Redefine success for younger generations

As generations come and go, expectations for success become more and more malleable.

Maria Weyne, Staff Writer

“So what do you want to do after you graduate?” is a question students often face. Generation after generation, young adults are expected to be just as successful as their relatives. The way society has changed makes it hard for careers to remain the same, which makes it hard for generations to accept one another’s ideas. 


One of the main issues that are brought up now in the non-traditional path to success is the idea of being successful without college. Older generations seem to have a problem with influencers and business-creators whose success happened even without a college degree. The sole idea of creating an online business that may or may not be temporary creates a sense of insecurity among traditionally successful adults. 

The diverging ideas that millennials and generation Zs brought forth also helped pioneer a new meaning for success. A very clear example of non-traditional success is seen with Greta Thunberg, a 16-year-old climate change activist whose message was heard loud and clear through her protests. Thunberg set out to travel from Sweden to the United States on a zero-carbon emitting boat, making her arrival even more noticeable. She has much success, and at just 16, she managed to leave a mark all over the world. 

Thunberg may not have taken the traditional route of success. She is 16, has no job, no money of her own and chose to miss out on a year of school in order to focus on activism against climate change. All these factors hinder her ability to get her high school and college degrees in time for what is considered the “appropriate” age.


Being successful is not a concrete idea. You can be successful in what you do without living up to someone else’s expectations.

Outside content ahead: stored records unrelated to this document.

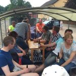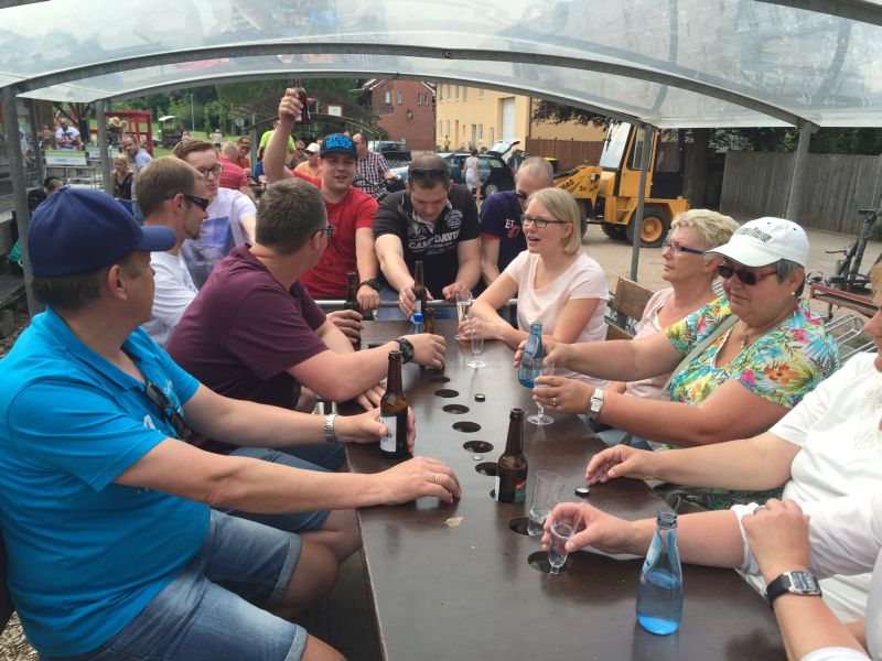 Zur Halbzeitpause wurde traditionell Weggen mit Schinken und Käse angeboten und begeistert verzehrt. Der kurze Schauer auf der Rückfahrt konnte die überaus gute Stimmung nicht trüben – eher im Gegenteil.
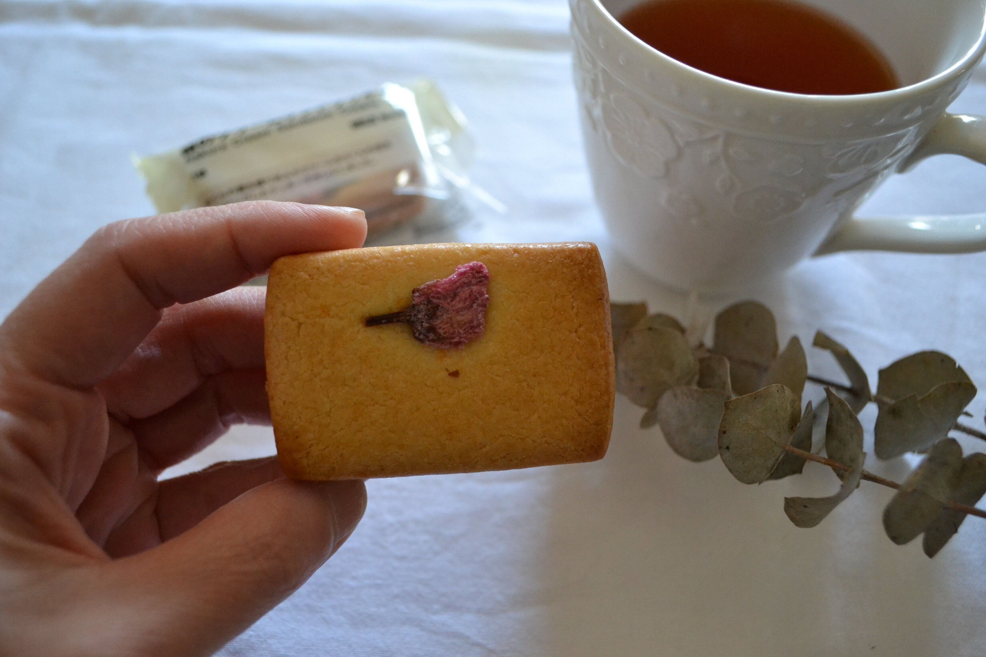 袋から開けてみると、桜の花の塩漬けがトッピングされたクッキーが出てきます。
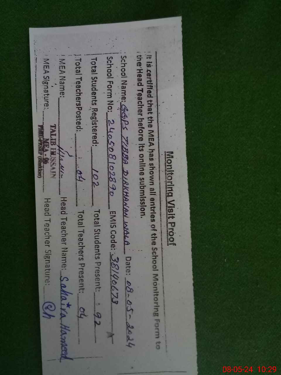 | Certified that this School was Inspected by the Undersigned MEA/DMO Today and the Information Stated Above is as Per Record. | |||||

Many times, we expect to follow the usual path of finishing grade school, going to college, getting a job and starting a family, although things just do not go that way anymore. 

In the late 70s, college tuition cost an average of $2,275 per semester according to the National Center for Education Statistics. The cost increased by over 600% in ten years, putting it above $15,000 on average per semester. At Biola, tuition costs $20,988 per semester. This increase creates a new obstacle in the way of achieving an undergraduate degree before 25. 

Although this makes things harder, as many well-paying jobs require experience and degree, success has still been achieved without following the expected steps. Success is relative and may not look the same as it did to previous generations, but you can still do what you love in your own way and time while being successful.